INRA - French National Institute of Agronomical Research

Wheat Initiative launches its Strategic Research Agenda


To meet the expected 60% raise in demand for wheat by 2050, coordination of research and significant investments are needed to increase wheat sustainable production globally. The Wheat Initiative presented today its Strategic Research Agenda (SRA) to the G20 Agricultural Chief Scientists gathered in Turkey.
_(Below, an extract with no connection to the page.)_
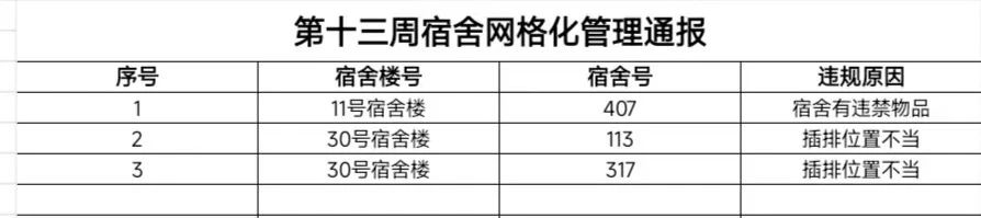 本周检查结果如下,希望存在问题的宿舍、同学引起重视并及时改正。其他同学也要吸取教训引以为戒,共同为营造安全文明的宿舍环境而努力。

Wheat is a staple food worldwide and provides 20% of all calories and protein, both in developed and in less developed countries. However, between 1998 and 2013, demand exceeded production every other year. Hence, all wheat producing countries share an urgent need to increase yield potential, protect wheat from yield losses due to pests and diseases, maintain yield under highly variable climatic conditions and increase the sustainability of wheat production systems, so that enough wheat with adequate quality is produced. This will only be achieved if resources and capabilities are built to support cutting-edge research, breeding and agronomy in wheat and through knowledge exchange and capacity building in the wheat research global community.

To answer these challenges, the Wheat Initiative SRA identifies key research priorities for the short, medium and long term. It also lists outstanding game-changers that will revolutionise wheat breeding in the future, including: the availability of a fully assembled and annotated wheat reference genome sequence, the accessibility to wheat scientific data and analysis tools via a dedicated information system, the creation of new combinations of desirable alleles through new breeding techniques.
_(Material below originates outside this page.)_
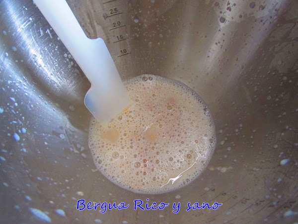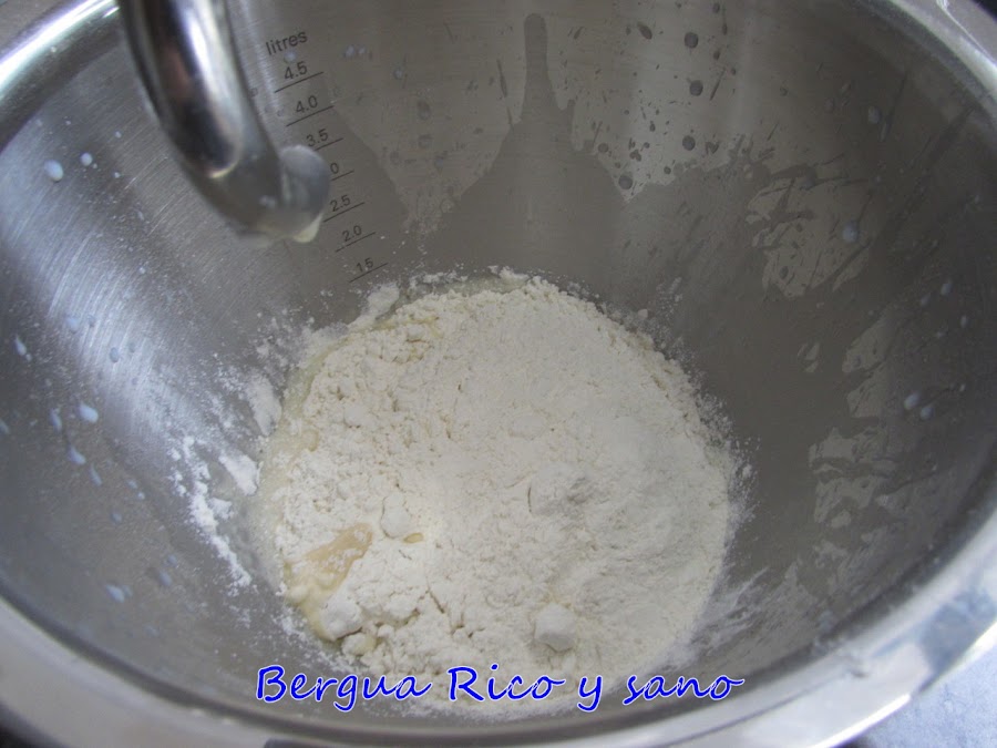 2. Incorporamos la harina mezclada con la sal. Como dihgo, yo no tengo muchas fuerzas y lo hice todo a máquina; así que aquí mezclé la harina con la leche para que coja cuerpo.

Hélène Lucas, International Scientific Coordinator of the Wheat Initiative explains: “The Wheat Initiative Strategic Research Agenda identifies research priorities that should be tackled at the international level through integrated or coordinated action. It provides a framework for public and private researchers, funders and policy-makers to work together and answer the challenge to sustainably increase wheat production and contribute to global food security”.

Steve Visscher, BBSRC Deputy Chief Executive and Chair of the Wheat Initiative Institutions’ Coordination Committee, adds: “The Wheat Initiative will create a dialogue among its members to define the initial priorities. The Institutions’ Coordination Committee will identify and develop a portfolio of mechanisms to facilitate the effective delivery of the SRA, including encouragement of active research collaborations, alignment of national, regional and company strategies to the SRA priorities, joint-funding mechanisms for international calls, as well as public-private cooperation frameworks.”

The SRA results from the work of the international public-private research community represented in the Wheat Initiative committees and Expert Working Groups. The Wheat Initiative is grateful to the support from many Stakeholders which took the opportunity to comment and improve the document via an open consultation on the challenges and priorities identified in the SRA.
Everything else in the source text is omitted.